Department of Earth, Marine and Environmental Sciences, Institute of Marine Science, University of North Carolina at Chapel Hill, Morehead City, North Carolina, United States of America.
PLoS One. 2024 Apr 19;19(4):e0299254. doi: 10.1371/journal.pone.0299254. eCollection 2024.
Estuarine water quality is declining worldwide due to increased tourism, coastal development, and a changing climate. Although well-established methods are in place to monitor water quality, municipalities struggle to use the data to prioritize infrastructure for monitoring and repair and to determine sources of contamination when they occur. The objective of this study was to assess water quality and prioritize sources of contamination within Town Creek Estuary (TCE), Beaufort, North Carolina, by combining culture, molecular, and geographic information systems (GIS) data into a novel contamination source ranking system. Water samples were collected from TCE at ten locations on eight sampling dates in Fall 2021 (n = 80). Microbiological water quality was assessed using US Environmental Protection Agency (U.S. EPA) approved culture-based methods for fecal indicator bacteria (FIB), including analysis of total coliforms (TC), Escherichia coli (EC), and Enterococcus spp. (ENT). The quantitative microbial source tracking (qMST) human-associated fecal marker, HF183, was quantified using droplet digital PCR (ddPCR). This information was combined with environmental data and GIS information detailing proximal sewer, septic, and stormwater infrastructure to determine potential sources of fecal contamination in the estuary. Results indicated FIB concentrations were significantly and positively correlated with precipitation and increased throughout the estuary following rainfall events (p < 0.01). Sampling sites with FIB concentrations above the U.S. EPA threshold also had the highest percentages of aged, less durable piping materials. Using a novel ranking system combining concentrations of FIB, HF183, and sewer infrastructure data at each site, we found that the two sites nearest the most aged sewage infrastructure and stormwater outflows were found to have the highest levels of measurable fecal contamination. This case study supports the inclusion of both traditional water quality measurements and local infrastructure data to support the current need for municipalities to identify, prioritize, and remediate failing infrastructure.

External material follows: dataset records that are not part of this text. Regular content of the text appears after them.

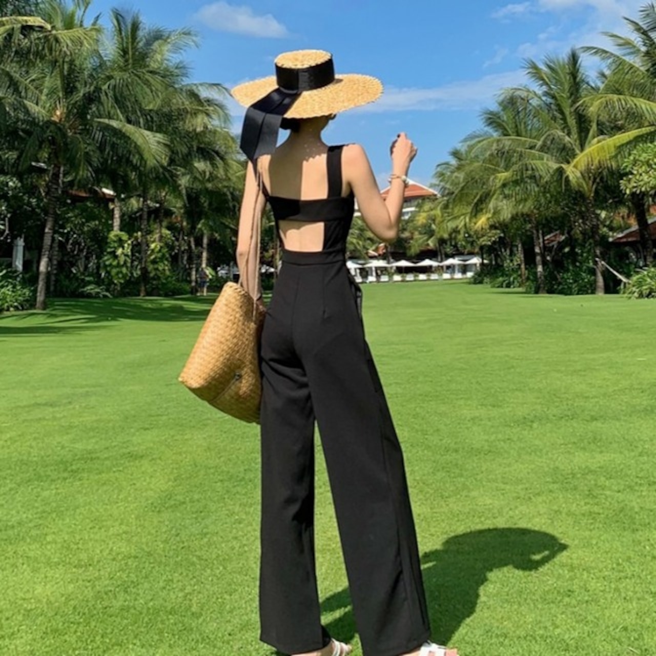 コンパクトな上半身にロングワイドなパンツを合わせた、クールなブラックオールインワン。ウエスト位置を高くしたことで、スタイル良く見せてくれる一着です。
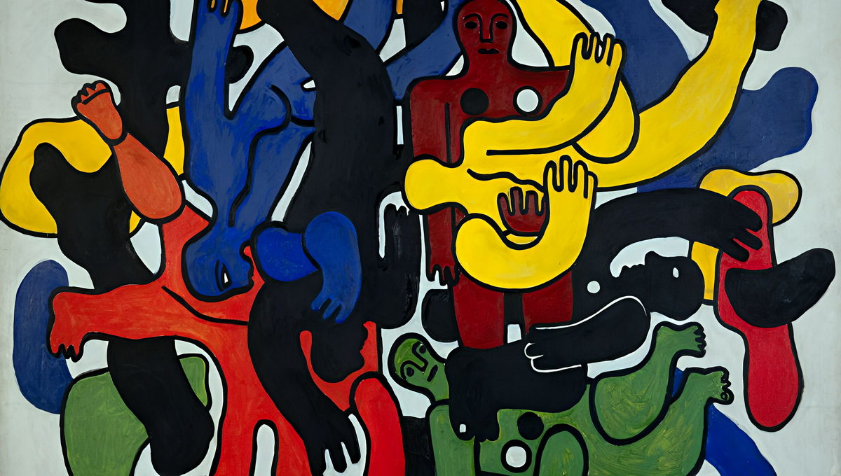 Reproduction of “The Great Black Divers” by Fernand Léger. A biomorphic and colorful work from his series on divers.
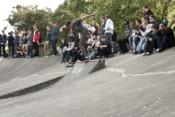 Nachdem das Curb mit Tricks versorgt war und auch das Hausdach-Obstacle zuhauf an harten Manövern abbekommen hatte, zeigte sich zum Abschluss dann die Bank to Quarter Kombination als der bevorzugte Spot.
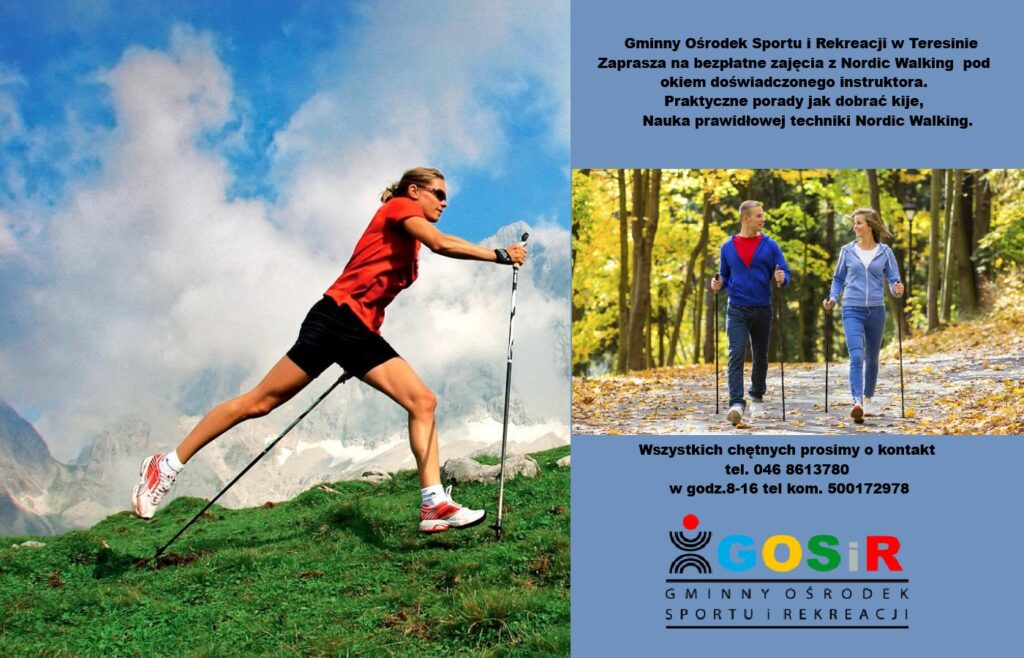 Gminny Ośrodek Sportu i Rekreacji w Teresinie Zaprasza na bezpłatne zajęcia z Nordic Walking pod okiem doświadczonego instruktora .Praktyczne porady jak dobrać kije, Nauka prawidłowej techniki Nordic Walking. Wszystkich chętnych prosimy o kontakt tel. 046 8613780 w godz. 8-!6 tel kom. 500172978
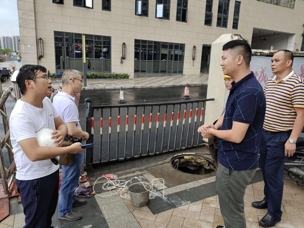 现场检查恒大城污水管网整改情况
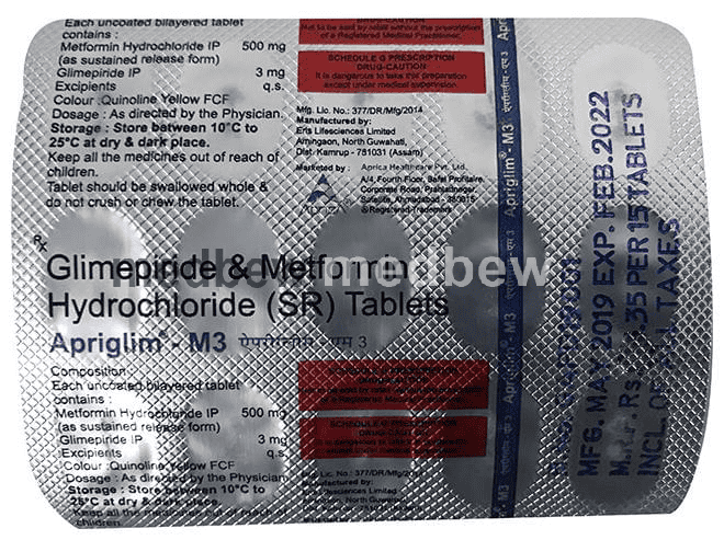Apriglim-M 3 Tablet SR belongs to a category of medicines known as anti-diabetic drugs. It is a combination of two medicines used to treat type 2 diabetes mellitus in adults. It helps control blood sugar levels in people with diabetes.
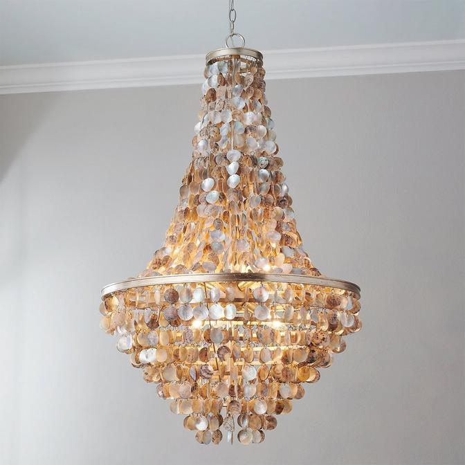 Transform your space with the enchanting allure of the Virayez Chandelier. This stunning piece features abalone shells cascading gracefully from a sophisticated frame, creating a dynamic and shimmering effect. Perfect for evoking the serene beauty of a beach getaway, this chandelier adds dimension and a hint of shine to any room. Please note this chandelier features naturally-occurring shells and variations in color, pattern, and texture should be expected and celebrated. The warm ambered silver leaf finish of this fixture may appear more silver or more gold depending on the room decor and lighting in which it is viewed.
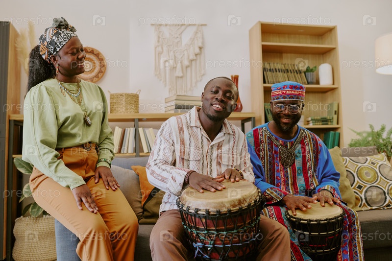 Молодые чернокожие взрослые празднуют Кванза, играя на барабанах и улыбаясь в помещении
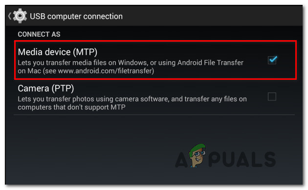 - The transfer protocol is not MTP – If you’re trying to copy files from an Android device, chances are you’re seeing the error because the transfer protocol is not set to MTP. In this case, you should be able to resolve the issue by changing your Android USB connection preferences so that it connects as a Media device.

由于旅游业、沿海开发和气候变化的影响,全球范围内的河口水质正在下降。尽管已经有完善的方法来监测水质,但市政当局在利用这些数据优先考虑监测和修复基础设施以及确定污染来源方面仍面临困难。本研究的目的是通过将培养物、分子和地理信息系统 (GIS) 数据结合到一个新的污染来源排名系统中,评估北卡罗来纳州博福特镇溪河口 (TCE) 的水质并确定污染来源的优先级。在 2021 年秋季的 8 个采样日的 10 个位置从 TCE 采集了 80 个水样。使用美国环保署 (EPA) 批准的基于培养的方法评估水质微生物指标,包括总大肠菌群 (TC)、大肠杆菌 (EC) 和肠球菌属 (ENT) 的分析。使用液滴数字 PCR (ddPCR) 定量微生物源追踪 (qMST) 人源粪便标记物 HF183 进行定量。将这些信息与环境数据和 GIS 信息相结合,详细说明附近的污水、化粪池和雨水基础设施,以确定河口中潜在的粪便污染来源。结果表明,FIB 浓度与降水呈显著正相关,并在雨后整个河口范围内增加 (p < 0.01)。FIB 浓度高于 EPA 阈值的采样点也具有最高比例的老化、耐用性较低的管道材料。使用一种新的排名系统,结合每个站点的 FIB、HF183 和污水基础设施数据的浓度,我们发现最靠近最古老污水基础设施和雨水出口的两个站点发现了最高水平的可测量粪便污染。这个案例研究支持将传统水质测量和当地基础设施数据相结合,以支持市政当局目前确定、优先考虑和修复失效基础设施的需求。